Após um período de alguma insegurança e suficientes dúvidas, compreendi que o caminho se faz caminhando, embora quando se encontra devidamente assinalado com "tabuletas" que fornecem indicações claras, ou autoridades que possam prover orientações, facilite bastante!

Para que a pouco e pouco, se obtenha maior autonomia, é necessário investir muito tempo e paciência nestas "lides", tentando usar de tolerância com os nossos (meus) modos desajeitados de criança que mal começou a andar e já tem ânsias de correr. Mas não há como apressar as coisas, antes de solidificar, comprender a aprofundar novos conteúdos; há um tempo certo para cada coisa e cada um de nós.

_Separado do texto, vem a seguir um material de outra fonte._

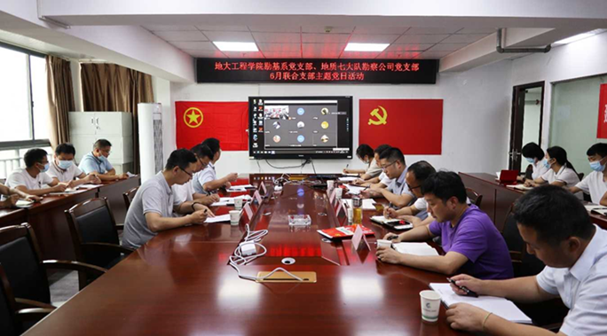 (通讯员 王俊)6月27日,勘基系党支部与湖北第七地质大队勘察公司党支部联合开展“主题党日”活动,系主任卢春华、党支部副书记王俊、宣传委员吴文兵赴宜昌线下参加活动。
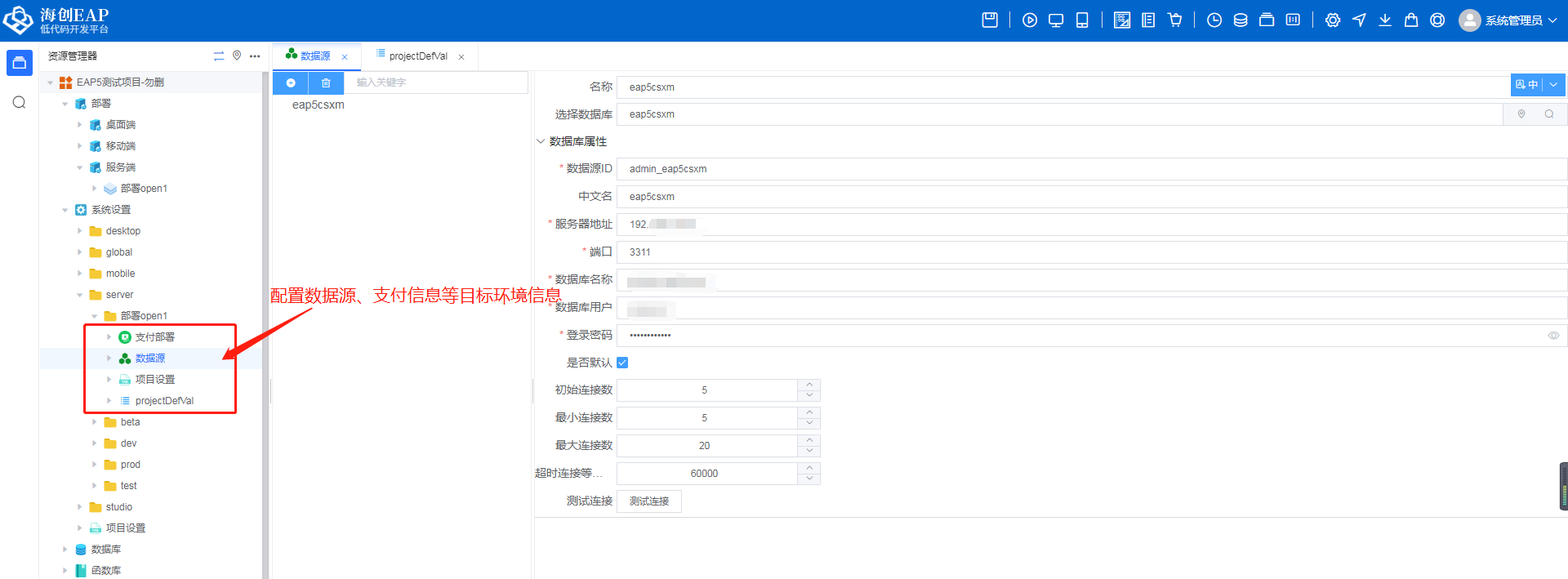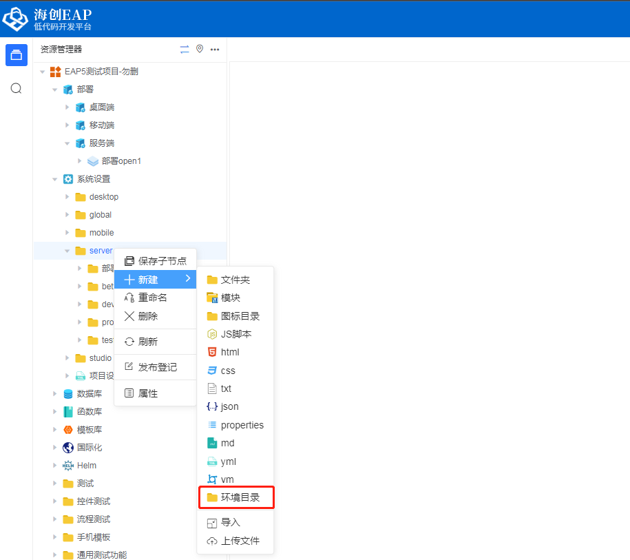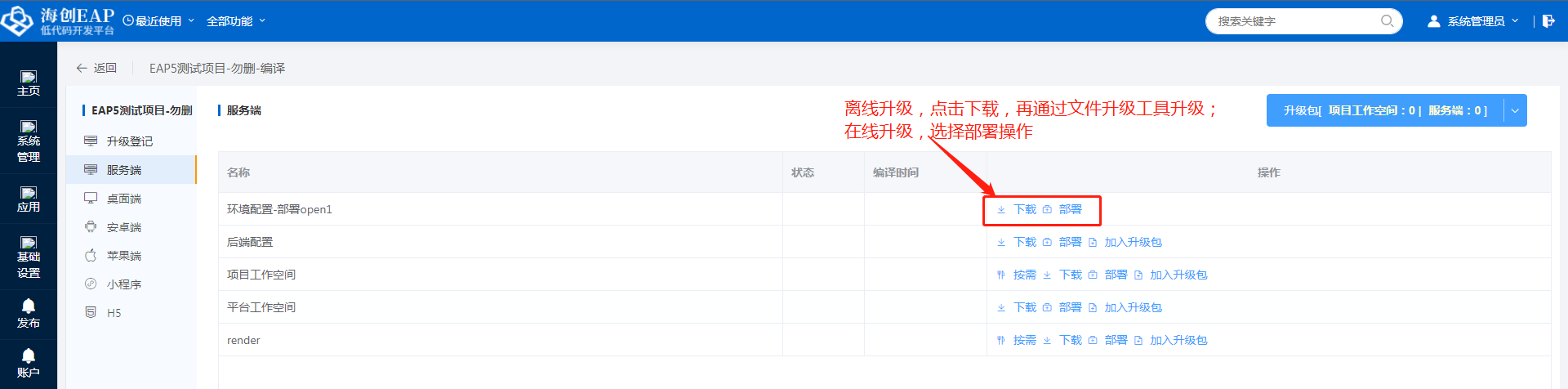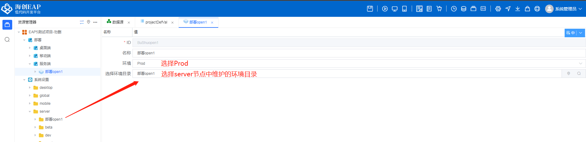 ## 环境升级 ### 1、工程树配置 #### 1.1、系统设置>server节点添加“环境目录”  #### 1.2、配置目标环境信息  #### 1.3、部署>服务端 添加“服务端部署”  #### 1.4、绑定环境目录  ### 2、部署升级

Agradeço aos meus companheiros de percurso, pois de mil maneiras diferentes, todos foram de suma e altíssima importância e ao nosso professor/orientador que gentilmente aplanou muito do caminho, apontando direcções, fornecendo preciosas informações e disponibilizando generosas indicações.

E posso dizer com satisfação que o contrato de aprendizagem já não me parece estrangeiro e sim totalmente perceptível e que penso que de facto me familiarizei com "os procedimentos metodológicos que norteiam e permitem a realização de uma investigação no campo da Educação" e que adquiri as competências necessárias para a pôr em prática (veremos) ainda que saiba que podemos sempre, fazer mais e melhor e que muito poderia ainda ser lido, dito, debatido, comentado e apreendido!